[Records contained in a dataset]
──────────────────────────────

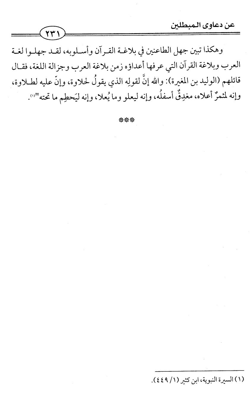 ومن ذلك كله تبين جهل الطاعنين في بلاغة القرآن وأسلوبه، لقد جهلوا لغة العرب وبلاغة القرآن التي عرفها أعداؤه زمن بلاغة العرب وجزالة اللغة، فقال قائلهم (الوليد بن المغيرة): والله إنَّ لقولِه الذي يقولُ لحلاوة، وإنّ عليه لطلاوة، وإنه لمثمرٌ أعلاه، مغدِقٌ أسفلُه، وإنه ليعلو وما يُعلا، وإنه ليَحطِم ما تحته" (¬1).
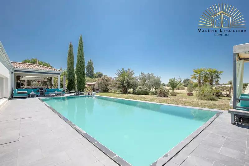En complément, cette maison dispose d’une espace bar extérieur et d’un double garage.
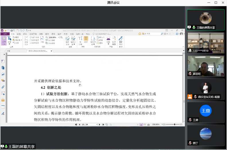 会议采取腾讯会议的形式举行,由我院博士生导师郝圣旺副院长主持并担任校内点评专家,特邀广西大学土木工程学院院长、博士生导师梅国雄教授作为校外点评专家。梅教授2021年入选全球前2%顶尖科学家榜单,是岩土领域知名专家。
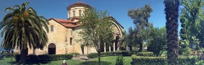 La Hagia Sophia si erge vicino al Mar Nero con una cupola centrale, campanile e quattro portici secondo i principi architettonici bizantini.
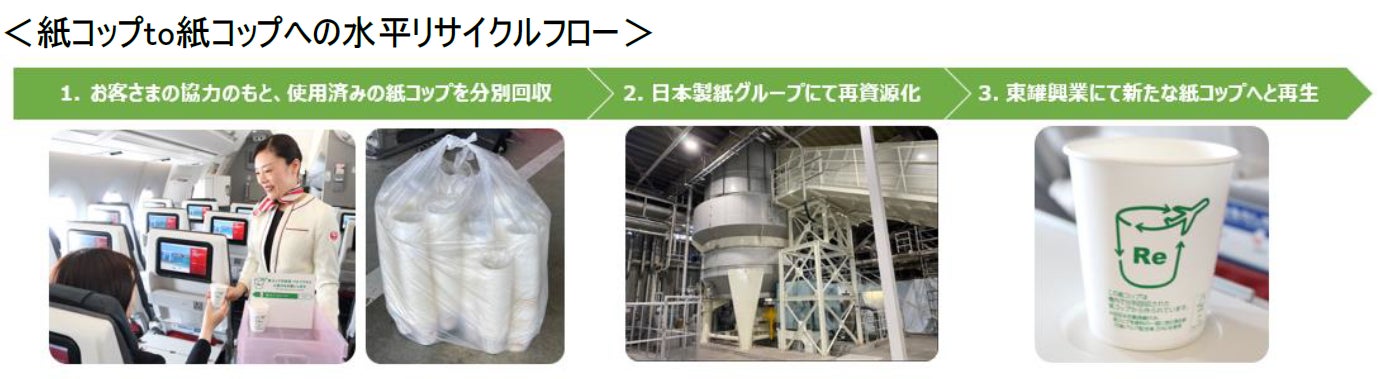 日本航空株式会社(本社:東京都品川区、代表取締役社長:鳥取 三津子、以下「JAL」)、日本製紙株式会社(本社:東京都千代田区、代表取締役社長:野沢 徹、以下「日本製紙」)、東洋製罐グループホールディングス株式会社の連結子会社である東罐興業株式会社(本社:東京都品川区、代表取締役社長:笠井 俊哉、以下「東罐興業」)は、機内で分別回収した使用済み飲料用紙コップを新たな紙コップに再生する「紙コップto紙コップ」の水平リサイクルを実現しました。使用済みの紙コップを回収して再資源化し、新たな紙コップに再生させる資源循環は国内初の取り組みです。(2024年5月7日時点 三社調べ) この取り組みにより新たに再生された紙コップ(以下「再生紙コップ」)は、環境月間である6月に羽田発JAL国内線運航便にて提供します。
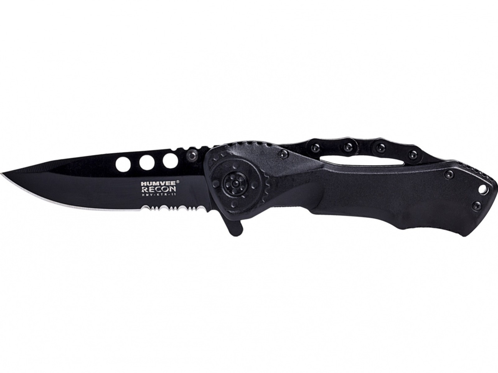 Nůž Humvee Tactical Recon Knife 11 je možné otevírat jednoručně pomocí čepu na čepeli. S otevíráním Vám pomůže pružina.
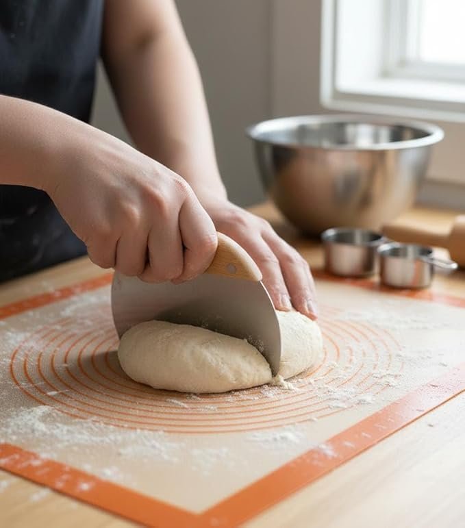 This professional-grade bench scraper is an essential tool for any baker or home cook, designed to bring precision and efficiency to your kitchen. Featuring a durable stainless steel blade with a wide, curved edge, it excels at portioning dough, scraping surfaces clean, and chopping vegetables into uniform pieces. The top of the blade is securely fastened to a smooth, ergonomic wooden handle with reinforced rivets, providing a comfortable and controlled grip during heavy use. To ensure perfect results every time, the blade face includes laser-etched measurement markings along the edge and a convenient quick-conversion chart for kitchen math at a glance.
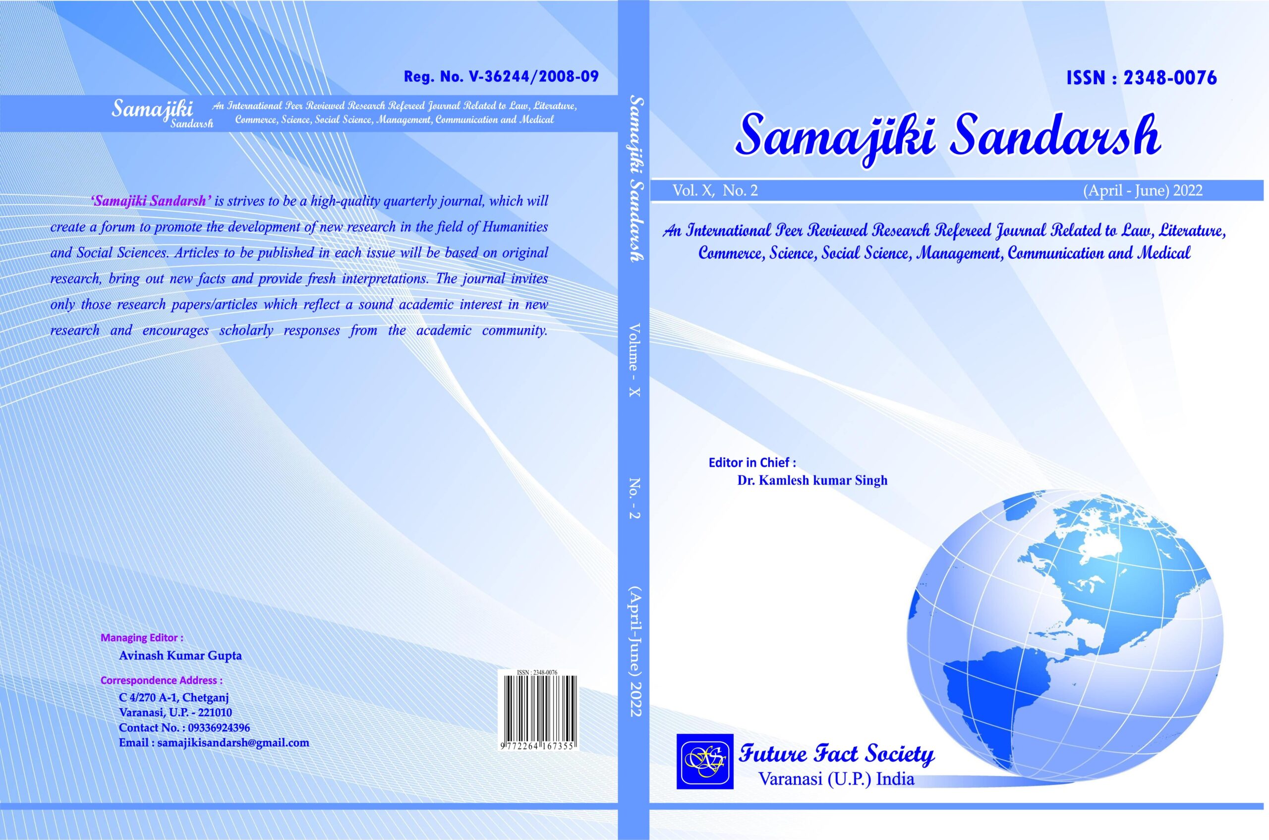 It is a great honour to me to extend my warm greetings and welcome you all to Samajiki Sandarsh a peer reviewed refereed journal of multidisciplinary research. The journal, which is a peer-reviewed, will devote to the promotion of multi-disciplinary research and explorations to the South Asian and global community. It is our objective to provide a platform for the publication of new scholarly articles in the rapidly growing field of various disciplines. We are trying to encourage new research scholars and postgraduate students by publishing their papers so that they may learn and participate in literary publishing through a professional internship. Scholarly and unpublished research articles, essays and interviews are invited from scholars, faculty researchers, writers, and professors from all over the world.
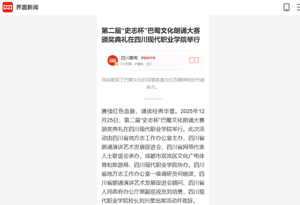 【界面新闻】第二届“史志杯”巴蜀文化朗诵大赛颁奖典礼在四川现代职业学院举行
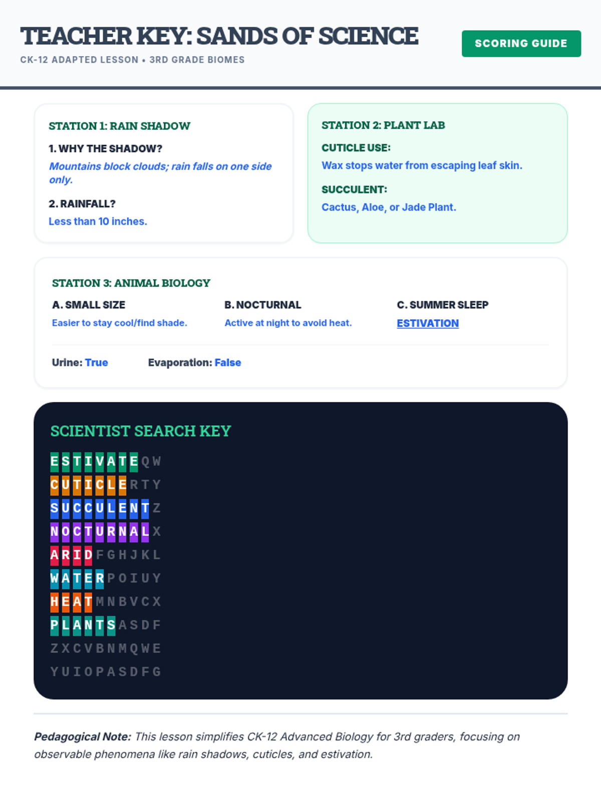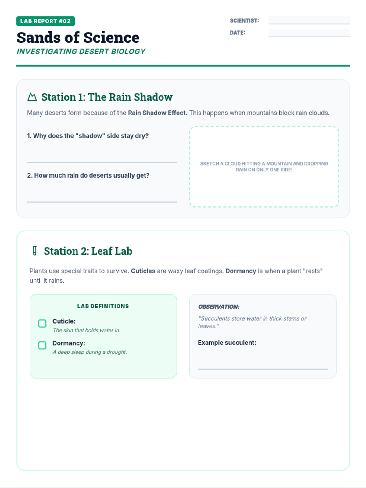 An engaging exploration of the desert biome designed for 3rd-grade students to complete independently. This lesson covers geographical locations, extreme climates, and the remarkable adaptations of desert plants and animals.
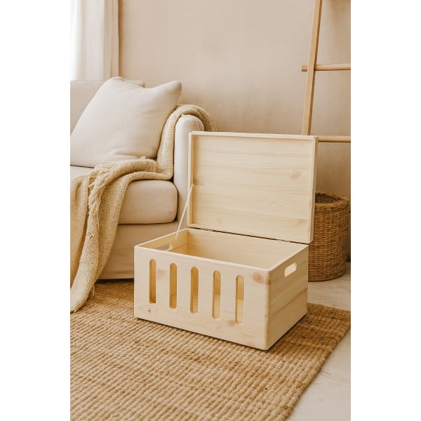 Large Toy Wooden Box Storage Chest with Lid and CUTOUTS on FRONT Furniture Trunk
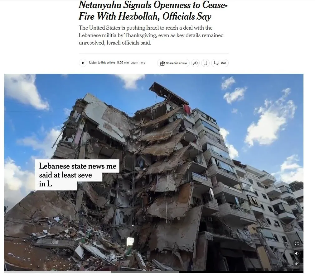 "Herkesin gözü kulağı Lübnan'daki ateşkeste. Lübnan'da Hizbullah-İsrail ile ateşkes yakın demiştik. Bunun birçok nedeni vardı. Geldiğimiz noktada İsrail'in Washington'daki büyükelçisi Danny Danon'un "İlerleme sağlandı. Yarın İsrail kabinesi ateşkes taslağını onaylamak için toplanacak" dedi."
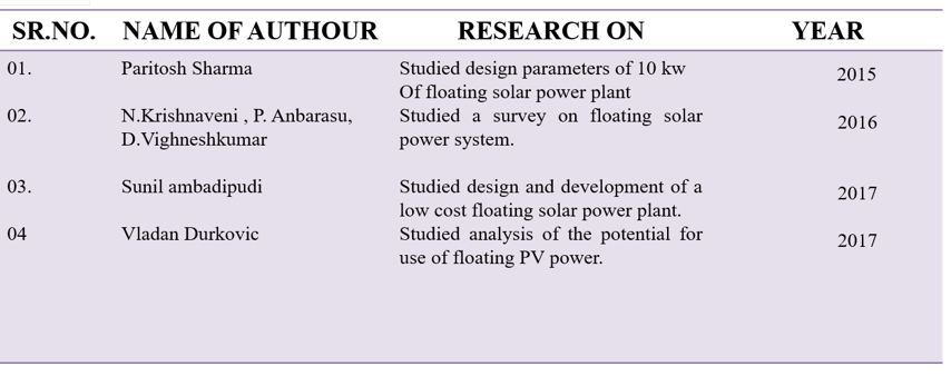 [1] DESIGN PARAMETERS OF 10KW FLOATING SOLAR POWER PLANT PARITOSH SHARMA1 , BHARAT MUNI2 , DEBOJYOTI [2] SEN3 4th Year Students, EN Dept, IMS Engineering College, Ghaziabad2 Assistant Professor, EN Dept, IMS Engineering College, Ghaziabad3Name of Publisher:-N. Krishnaveni , P. Anbarasu& D. Vigneshkumar [3] A SURVEY ON FLOATING SOLAR POWER SYSTEM N. Krishnaveni*, P. Anbarasu** & D. Vigneshkumar*** * Assistant Professor, Department of Electrical &Electronics Engineering, Dr. Mahalingam College of Engineering and Technology, Tamilnadu ** Assistant Professor, Department of Electrical & Electronics Engineering, Sri Eshwzar College of Engineering, Tamilnadu *** Deputy Manager (Projects), Global Wind Infrastructure Services Private Limited, Maharashtra [4] DESIGN AND DEVELOPMENT OF A LOW COST FLOATING SOLAR POWER PLANT SUNIL AMBADIPUDI#1, SRINIVASA RAO [5] GAMPALA#2, S.VENKATESWARLU#3 Assistant Professors, Dept of Mechanical Engg, SwarnaBharathiInstitue of Science and Technology, Khammam [6] Analysis of the Potential for Use of Floating PV Power Plant on the Skadar Lake for Electricity Supply of Aluminium Plant in Montenegro VladanDurkovi´c 1,2,* and Željko?uriši´c 2 ID [7] Armstrong, Robert (12 November 2014). \\\"The Case for Solar Energy Parking Lots\\\". Absolute Steel. Retrieved 15 November 2014. [8] \\\"Photovoltaic power generation in the buildings. Building integrated photovoltaic–BIPV\\\" (PDF). Bef-de.org. Retrieved 2011-06-20. [9] Elhodeiby, A.S.; Metwally, H.M.B; Farahat, M.A (March 2011). \\\"Performance Analysis of 3.6 kW Rooftop Grid Connected Photovoltaic System in Egyp\\\" (PDF). International Conference on Energy Systems and Technologies (IC- EST 2011): 151–157. Retrieved 2011-07-21. [10] \\\"Kyocera, partners announce construction of the world\\\'s largest floating solar PV Plant in Hyogo prefecture, Japan\\\". SolarServer.com. 4 September 2014. [11] \\\"Running Out of Precious Land? Floating Solar PV Systems May Be a Solution\\\". EnergyWorld.com. 7 November 2013.. [12] Sustainable Practices (Online) http://farniente.com/napa-wine-estate/sustainability/ [13] Sustainability for GundlachBundschu (Online) http://www.gunbun.com/solar [14] Strutture Per ImpiantiFotovoltaiciGalleggianti (Online) http://www.fotovoltaicogalleggiante.com/photovoltaic_floating_plants.html
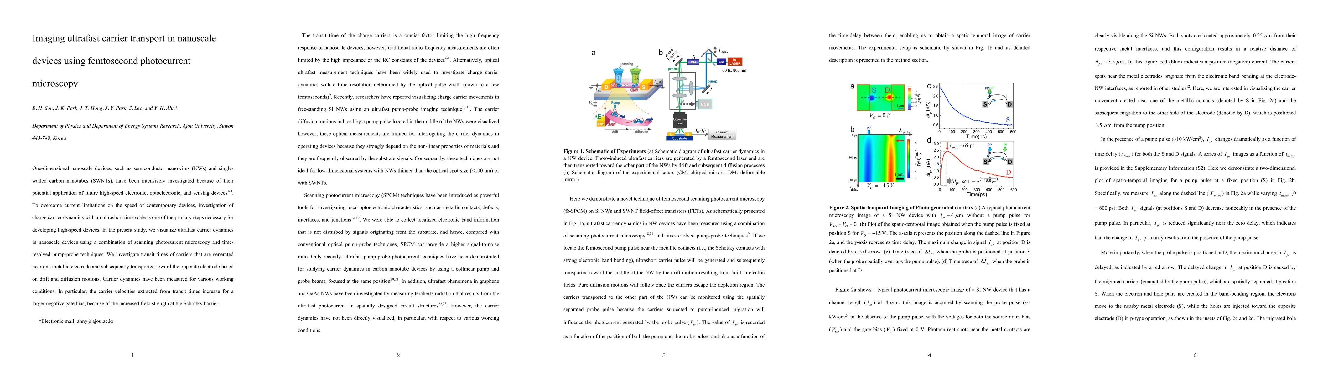 This paper employs femtosecond photocurrent microscopy and time-resolved pump-probe techniques to visualize ultrafast carrier transport in one-dimensional nanoscale devices like semiconductor nanowires and carbon nanotubes. The study finds that carrier velocities increase with a larger negative gate bias due to enhanced field strength at the Schottky barrier.
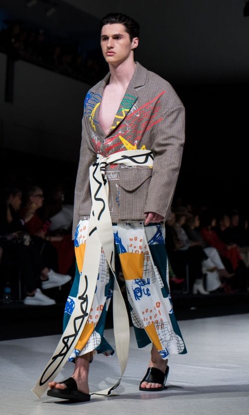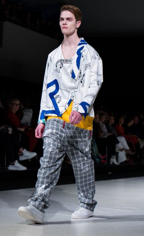 A duo show meshed the work of US based brands Yuner Shaox Zherui Huang seamlessly together. Yuner Shao’s creations act as a canvas to carry anti-propaganda messages fusing graphic prints in primary colours. Bright yellow patch pockets and loose belts enhanced the youthful vibe. Zherui Huang’s casual unisex collection had a focus on technical details. Zips, buckles, and laces infuse a sports aesthetic into loose silhouettes with asymmetric shaping. Men’s bold blue wide leg pants featured hanging straps and contrast yellow detail for a modern, fresh look.
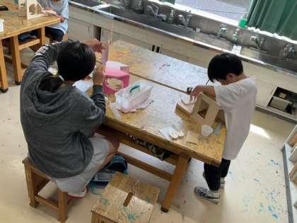 図工の時間です。「一枚の板から」いい作品に仕上がってきました。ていねいに模様を書き込んでいます。
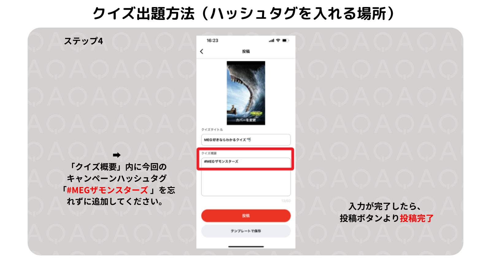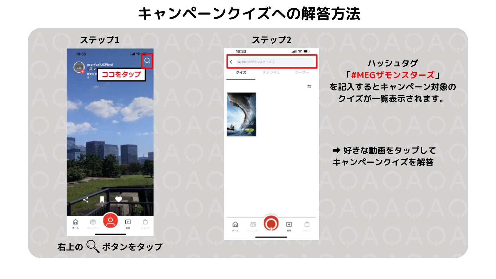応募方法:『QAQA』内でハッシュタグ「#MEGザモンスターズ」を記載し『MEG ザ・モンスターズ2』に関するクイズを投稿、または同ハッシュタグのついたクイズ問題にご解答ください

──────────────────────────────

Without the pictures, copy the entries from their first line through the line containing "Nůž Humvee Tactical", and only those lines.

 ومن ذلك كله تبين جهل الطاعنين في بلاغة القرآن وأسلوبه، لقد جهلوا لغة العرب وبلاغة القرآن التي عرفها أعداؤه زمن بلاغة العرب وجزالة اللغة، فقال قائلهم (الوليد بن المغيرة): والله إنَّ لقولِه الذي يقولُ لحلاوة، وإنّ عليه لطلاوة، وإنه لمثمرٌ أعلاه، مغدِقٌ أسفلُه، وإنه ليعلو وما يُعلا، وإنه ليَحطِم ما تحته" (¬1).
En complément, cette maison dispose d’une espace bar extérieur et d’un double garage.
 会议采取腾讯会议的形式举行,由我院博士生导师郝圣旺副院长主持并担任校内点评专家,特邀广西大学土木工程学院院长、博士生导师梅国雄教授作为校外点评专家。梅教授2021年入选全球前2%顶尖科学家榜单,是岩土领域知名专家。
 La Hagia Sophia si erge vicino al Mar Nero con una cupola centrale, campanile e quattro portici secondo i principi architettonici bizantini.
 日本航空株式会社(本社:東京都品川区、代表取締役社長:鳥取 三津子、以下「JAL」)、日本製紙株式会社(本社:東京都千代田区、代表取締役社長:野沢 徹、以下「日本製紙」)、東洋製罐グループホールディングス株式会社の連結子会社である東罐興業株式会社(本社:東京都品川区、代表取締役社長:笠井 俊哉、以下「東罐興業」)は、機内で分別回収した使用済み飲料用紙コップを新たな紙コップに再生する「紙コップto紙コップ」の水平リサイクルを実現しました。使用済みの紙コップを回収して再資源化し、新たな紙コップに再生させる資源循環は国内初の取り組みです。(2024年5月7日時点 三社調べ) この取り組みにより新たに再生された紙コップ(以下「再生紙コップ」)は、環境月間である6月に羽田発JAL国内線運航便にて提供します。
 Nůž Humvee Tactical Recon Knife 11 je možné otevírat jednoručně pomocí čepu na čepeli. S otevíráním Vám pomůže pružina.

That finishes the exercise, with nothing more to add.